こう見ると、マルキョウの出店余力は-5.4%であり、財務的には出店可能な状況であり、しかも、マーチャンダイジング力も2.3%とプラスであり、本来であれば安定成長が可能な状況である。ところが、今期は、キャッシュフローが大きな持ち出しとなり、現預金を取り崩すこととなり、新規出店関連へのキャッシュを十分に回すことができない状況となり、結果、新店が1店舗にとどまったといえよう。今後、マルキョウが安定的に105%前後成長してゆくには、全体が93店舗であるので、毎年、4から5店舗は新規出店が必要となるが、現在の出店余力、マーチャンダイジング力を見る限り、けっして、無理な財務状況ではないといえよう。ただ、今期のキャッシュフローは、金融機関の営業日の問題もあり、完全に逆流となってしまったが、来期以降はキャッシュフローが順流になると予想され、安定成長をめざすことが可能となるのではと思われる。

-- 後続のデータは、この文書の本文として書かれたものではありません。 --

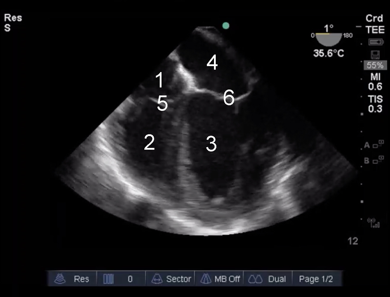 Cardiac 2 TEE Mid Esophageal 4 Chamber Image Right Atrium (RA) Right Ventricle (RV) Left Ventricle (LV) Left Atrium (LA) Tricuspid Valve Mitral Valve

このように、マルキョウの2008年9月期の本決算は売上こそ伸び悩んだが、増収増益の堅調な決算となり、マーチャンダイジング力はプラス、出店余力もほぼトントンであり、借入依存度もそれほど大きな数字ではなく、今後、キャッシュフローが順流となれば、安定的な新規出店が可能となり、堅実な成長が可能な財務状況といえよう。その意味で、通期予想も売上は厳しい予想をしているが、状況によっては堅調な成長も可能ではないかと思われる。マルキョウの今後の成長戦略に期待したいところである。